Dictionary(12 unique tokens: ['human', 'interface', 'computer', 'survey', 'user']...)
{'human': 0, 'interface': 1, 'computer': 2, 'survey': 3, 
'user': 4, 'system': 5, 'response': 6, 'time': 7, 
'eps': 8, 'trees': 9, 'graph': 10, 'minors': 11}

There are 12 unique words in the corpus. Each sentence is represented by a 12-dimensional vector containing the count of each word. Use doc2bow to vectorize new text.

new_doc = "Human computer interaction"
new_vec = dictionary.doc2bow(new_doc.lower().split())
print(new_vec)  # the word "interaction" does not appear in the dictionary and is ignored

[(0, 1), (2, 1)]

The result is returned in the form [(word_id, word_count), ...]. In this case, one human with id = 0 and one interaction with id = 2 are included. Words with 0 occurrences are skipped. Also, "interaction" is not included in the dictionary and is ignored.

Vectorize the original text.

corpus = [dictionary.doc2bow(text) for text in texts]
for c in corpus:
    print(c)

[(0, 1), (1, 1), (2, 1)]
[(2, 1), (3, 1), (4, 1), (5, 1), (6, 1), (7, 1)]
[(1, 1), (4, 1), (5, 1), (8, 1)]
[(0, 1), (5, 2), (8, 1)]
[(4, 1), (6, 1), (7, 1)]
[(9, 1)]
[(9, 1), (10, 1)]
[(9, 1), (10, 1), (11, 1)]
[(3, 1), (10, 1), (11, 1)]

TF-IDF

the term	meaning
TF (term frequency)	Frequency of word occurrence
IDF (inverse document frequency)	Reverse document appearance frequency

Words that appear extremely often in the corpus may not have very useful information.

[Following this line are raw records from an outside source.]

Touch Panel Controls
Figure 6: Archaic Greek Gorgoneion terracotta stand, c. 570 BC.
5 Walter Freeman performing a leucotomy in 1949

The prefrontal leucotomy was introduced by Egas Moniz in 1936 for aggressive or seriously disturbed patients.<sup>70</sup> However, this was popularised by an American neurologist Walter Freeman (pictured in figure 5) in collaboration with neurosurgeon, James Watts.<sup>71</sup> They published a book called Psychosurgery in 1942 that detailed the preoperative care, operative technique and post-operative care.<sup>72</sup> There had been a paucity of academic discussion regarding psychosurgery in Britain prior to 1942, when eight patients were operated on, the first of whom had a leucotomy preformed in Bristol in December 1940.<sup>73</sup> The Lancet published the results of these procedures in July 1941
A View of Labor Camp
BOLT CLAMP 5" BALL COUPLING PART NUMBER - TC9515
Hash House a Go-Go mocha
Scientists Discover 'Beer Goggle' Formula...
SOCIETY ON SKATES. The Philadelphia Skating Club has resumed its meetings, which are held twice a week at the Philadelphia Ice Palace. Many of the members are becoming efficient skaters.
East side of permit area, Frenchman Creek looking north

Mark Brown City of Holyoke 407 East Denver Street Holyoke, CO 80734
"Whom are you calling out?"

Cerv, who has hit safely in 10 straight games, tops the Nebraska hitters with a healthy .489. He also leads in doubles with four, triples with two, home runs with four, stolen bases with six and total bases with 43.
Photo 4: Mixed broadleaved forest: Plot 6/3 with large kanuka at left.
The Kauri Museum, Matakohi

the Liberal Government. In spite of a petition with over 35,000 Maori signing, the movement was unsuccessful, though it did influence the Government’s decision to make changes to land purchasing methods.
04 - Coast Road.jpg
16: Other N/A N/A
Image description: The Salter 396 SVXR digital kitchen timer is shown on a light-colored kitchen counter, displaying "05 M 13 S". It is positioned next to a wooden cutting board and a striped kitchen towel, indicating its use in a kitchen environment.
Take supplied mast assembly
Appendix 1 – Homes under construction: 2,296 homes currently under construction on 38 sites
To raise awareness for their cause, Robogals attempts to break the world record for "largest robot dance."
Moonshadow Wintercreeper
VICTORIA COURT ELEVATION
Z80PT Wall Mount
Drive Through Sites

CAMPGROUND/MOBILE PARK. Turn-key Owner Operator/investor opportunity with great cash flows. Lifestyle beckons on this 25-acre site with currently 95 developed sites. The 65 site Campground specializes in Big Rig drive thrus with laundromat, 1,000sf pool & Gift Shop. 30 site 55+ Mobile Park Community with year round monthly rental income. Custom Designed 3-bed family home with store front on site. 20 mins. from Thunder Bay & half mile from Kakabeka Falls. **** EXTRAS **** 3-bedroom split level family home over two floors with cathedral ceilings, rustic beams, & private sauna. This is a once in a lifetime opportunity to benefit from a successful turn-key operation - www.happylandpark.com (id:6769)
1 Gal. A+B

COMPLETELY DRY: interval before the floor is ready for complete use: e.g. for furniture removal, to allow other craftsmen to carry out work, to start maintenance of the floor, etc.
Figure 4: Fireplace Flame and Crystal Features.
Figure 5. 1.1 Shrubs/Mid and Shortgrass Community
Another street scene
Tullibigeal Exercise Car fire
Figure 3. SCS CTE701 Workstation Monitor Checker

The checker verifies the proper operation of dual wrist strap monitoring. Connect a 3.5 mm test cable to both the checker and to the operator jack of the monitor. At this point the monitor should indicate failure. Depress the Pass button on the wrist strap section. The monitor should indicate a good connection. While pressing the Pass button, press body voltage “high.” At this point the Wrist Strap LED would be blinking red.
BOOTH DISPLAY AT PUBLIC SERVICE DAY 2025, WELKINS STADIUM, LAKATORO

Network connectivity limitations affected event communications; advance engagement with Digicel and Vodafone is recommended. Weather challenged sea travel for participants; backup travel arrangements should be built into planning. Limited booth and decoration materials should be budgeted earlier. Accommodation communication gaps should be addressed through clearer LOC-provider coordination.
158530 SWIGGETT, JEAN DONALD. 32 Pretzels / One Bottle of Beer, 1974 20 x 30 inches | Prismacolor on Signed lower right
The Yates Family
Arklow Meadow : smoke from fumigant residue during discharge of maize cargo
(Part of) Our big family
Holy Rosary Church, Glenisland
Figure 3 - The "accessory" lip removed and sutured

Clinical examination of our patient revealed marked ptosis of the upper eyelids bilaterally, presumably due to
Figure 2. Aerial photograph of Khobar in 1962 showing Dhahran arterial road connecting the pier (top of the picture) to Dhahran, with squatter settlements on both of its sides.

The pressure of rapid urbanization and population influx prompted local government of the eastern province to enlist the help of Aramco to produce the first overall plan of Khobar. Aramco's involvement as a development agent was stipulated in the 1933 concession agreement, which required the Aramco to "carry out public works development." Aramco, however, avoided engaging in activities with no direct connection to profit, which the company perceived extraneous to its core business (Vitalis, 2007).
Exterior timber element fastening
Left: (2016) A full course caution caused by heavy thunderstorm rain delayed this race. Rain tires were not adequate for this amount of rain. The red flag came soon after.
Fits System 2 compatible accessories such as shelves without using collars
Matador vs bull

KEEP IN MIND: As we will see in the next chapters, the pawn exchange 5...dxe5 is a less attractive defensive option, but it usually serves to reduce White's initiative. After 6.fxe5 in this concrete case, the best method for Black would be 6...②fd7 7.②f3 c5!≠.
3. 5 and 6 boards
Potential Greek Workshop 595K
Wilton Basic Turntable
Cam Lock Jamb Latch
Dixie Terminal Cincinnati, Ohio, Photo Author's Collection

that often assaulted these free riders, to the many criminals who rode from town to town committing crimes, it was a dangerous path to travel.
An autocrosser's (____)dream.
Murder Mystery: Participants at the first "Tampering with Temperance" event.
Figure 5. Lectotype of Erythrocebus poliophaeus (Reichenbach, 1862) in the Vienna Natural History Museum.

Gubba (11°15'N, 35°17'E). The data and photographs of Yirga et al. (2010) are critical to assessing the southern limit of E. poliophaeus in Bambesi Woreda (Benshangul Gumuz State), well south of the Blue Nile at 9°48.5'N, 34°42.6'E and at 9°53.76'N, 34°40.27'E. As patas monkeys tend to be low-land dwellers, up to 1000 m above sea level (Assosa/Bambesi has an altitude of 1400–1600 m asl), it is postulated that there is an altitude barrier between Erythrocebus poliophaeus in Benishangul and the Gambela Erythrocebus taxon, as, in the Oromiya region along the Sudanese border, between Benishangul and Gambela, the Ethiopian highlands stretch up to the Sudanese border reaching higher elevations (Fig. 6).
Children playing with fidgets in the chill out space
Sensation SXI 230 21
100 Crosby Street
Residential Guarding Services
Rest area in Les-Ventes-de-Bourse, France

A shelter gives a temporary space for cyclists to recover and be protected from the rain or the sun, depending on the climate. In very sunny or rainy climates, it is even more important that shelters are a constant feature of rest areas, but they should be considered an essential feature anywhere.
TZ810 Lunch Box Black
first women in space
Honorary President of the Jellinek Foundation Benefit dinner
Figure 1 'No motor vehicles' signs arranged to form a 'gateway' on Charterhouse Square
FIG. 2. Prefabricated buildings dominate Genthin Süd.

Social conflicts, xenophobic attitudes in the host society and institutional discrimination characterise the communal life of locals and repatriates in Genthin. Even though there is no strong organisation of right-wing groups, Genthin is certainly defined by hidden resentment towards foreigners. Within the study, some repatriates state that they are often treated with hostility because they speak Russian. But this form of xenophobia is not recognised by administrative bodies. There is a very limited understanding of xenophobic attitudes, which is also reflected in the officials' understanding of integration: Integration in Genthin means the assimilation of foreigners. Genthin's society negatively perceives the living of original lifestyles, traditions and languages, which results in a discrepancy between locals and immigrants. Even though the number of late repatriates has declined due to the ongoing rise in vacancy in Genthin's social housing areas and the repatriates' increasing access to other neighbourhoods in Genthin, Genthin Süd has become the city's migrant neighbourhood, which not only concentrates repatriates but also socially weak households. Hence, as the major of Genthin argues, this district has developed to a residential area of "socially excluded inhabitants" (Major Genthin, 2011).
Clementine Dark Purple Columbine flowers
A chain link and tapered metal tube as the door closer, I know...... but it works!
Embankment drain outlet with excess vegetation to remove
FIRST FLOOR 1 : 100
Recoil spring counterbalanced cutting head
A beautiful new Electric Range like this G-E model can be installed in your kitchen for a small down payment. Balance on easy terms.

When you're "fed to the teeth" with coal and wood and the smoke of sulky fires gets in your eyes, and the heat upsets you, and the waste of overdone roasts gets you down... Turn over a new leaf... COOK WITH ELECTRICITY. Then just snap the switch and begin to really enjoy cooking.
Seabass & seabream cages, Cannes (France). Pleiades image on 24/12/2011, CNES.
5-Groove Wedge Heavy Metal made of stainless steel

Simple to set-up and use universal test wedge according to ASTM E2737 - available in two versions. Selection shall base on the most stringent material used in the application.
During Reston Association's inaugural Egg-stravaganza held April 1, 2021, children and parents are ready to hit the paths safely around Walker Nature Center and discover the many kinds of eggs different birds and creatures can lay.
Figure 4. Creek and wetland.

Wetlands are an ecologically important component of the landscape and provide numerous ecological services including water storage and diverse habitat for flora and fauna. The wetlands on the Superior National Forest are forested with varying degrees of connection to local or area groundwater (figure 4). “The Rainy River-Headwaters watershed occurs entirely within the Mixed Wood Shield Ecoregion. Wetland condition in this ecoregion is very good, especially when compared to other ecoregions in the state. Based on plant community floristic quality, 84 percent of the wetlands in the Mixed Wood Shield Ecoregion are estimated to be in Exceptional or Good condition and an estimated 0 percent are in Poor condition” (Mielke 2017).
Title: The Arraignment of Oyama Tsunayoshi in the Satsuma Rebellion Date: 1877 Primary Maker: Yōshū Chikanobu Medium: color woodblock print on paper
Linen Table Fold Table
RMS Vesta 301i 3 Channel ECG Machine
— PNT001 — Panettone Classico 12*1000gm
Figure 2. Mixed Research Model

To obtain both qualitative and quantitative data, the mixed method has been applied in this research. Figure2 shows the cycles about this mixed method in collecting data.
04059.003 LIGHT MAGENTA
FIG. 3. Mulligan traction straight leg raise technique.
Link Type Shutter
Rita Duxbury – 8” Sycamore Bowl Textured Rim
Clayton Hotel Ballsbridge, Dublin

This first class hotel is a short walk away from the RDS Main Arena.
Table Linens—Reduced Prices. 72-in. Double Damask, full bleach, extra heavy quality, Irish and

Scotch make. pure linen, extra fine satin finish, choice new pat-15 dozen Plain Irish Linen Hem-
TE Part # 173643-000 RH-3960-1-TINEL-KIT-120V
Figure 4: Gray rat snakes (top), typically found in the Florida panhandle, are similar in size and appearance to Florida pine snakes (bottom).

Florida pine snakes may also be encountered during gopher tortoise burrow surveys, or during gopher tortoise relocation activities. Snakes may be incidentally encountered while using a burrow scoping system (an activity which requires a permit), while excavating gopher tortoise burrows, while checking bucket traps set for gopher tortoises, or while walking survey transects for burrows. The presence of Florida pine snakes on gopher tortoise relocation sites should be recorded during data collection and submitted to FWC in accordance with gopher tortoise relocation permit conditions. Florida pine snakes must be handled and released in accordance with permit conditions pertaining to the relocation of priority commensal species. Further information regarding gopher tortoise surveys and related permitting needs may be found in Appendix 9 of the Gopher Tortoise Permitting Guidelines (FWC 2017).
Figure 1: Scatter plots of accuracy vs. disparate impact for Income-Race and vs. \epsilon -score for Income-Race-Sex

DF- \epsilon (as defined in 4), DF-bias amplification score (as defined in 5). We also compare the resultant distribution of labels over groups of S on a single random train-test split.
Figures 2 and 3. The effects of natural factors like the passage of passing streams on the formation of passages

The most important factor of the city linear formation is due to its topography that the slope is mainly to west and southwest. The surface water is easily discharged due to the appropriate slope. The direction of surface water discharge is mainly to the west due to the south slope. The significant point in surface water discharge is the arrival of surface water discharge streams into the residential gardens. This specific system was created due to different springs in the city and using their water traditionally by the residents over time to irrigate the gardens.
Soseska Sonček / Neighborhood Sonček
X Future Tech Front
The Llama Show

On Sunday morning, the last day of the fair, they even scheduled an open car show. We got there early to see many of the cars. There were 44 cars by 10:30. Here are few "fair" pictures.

Giving word count data (TF) directly to the classifier results in less frequent but more meaningful words being buried in these words. Therefore, in addition to TF, the features are weighted by IDF.

IDF is defined as follows. $ n_d $ is the total number of documents, $ df (d, t) $ is the number of documents containing the word t. The fewer documents that contain the word t, the larger the IDF (increasing the weight of rare words).

idf(t)=log\frac{1+n_d}{1+df(d,t)}+1

Convert with TF-IDF with gensim.

from gensim import models
# step 1 -- initialize a model
tfidf = models.TfidfModel(corpus)

# step 2 -- use the model to transform vectors
corpus_tfidf = tfidf[corpus]
for doc in corpus_tfidf:
    print(doc)

[(1, 0.5710059809418182), (4, 0.4170757362022777), (5, 0.4170757362022777), (8, 0.5710059809418182)]
[(0, 0.49182558987264147), (5, 0.7184811607083769), (8, 0.49182558987264147)]
[(4, 0.45889394536615247), (6, 0.6282580468670046), (7, 0.6282580468670046)]
[(9, 1.0)]
[(9, 0.7071067811865475), (10, 0.7071067811865475)]
[(9, 0.5080429008916749), (10, 0.5080429008916749), (11, 0.695546419520037)]
[(3, 0.6282580468670046), (10, 0.45889394536615247), (11, 0.6282580468670046)]

Here, the corpus itself used for training was converted by TF-IDF, but of course any sentence vector can be converted (as long as it belongs to the same vector space).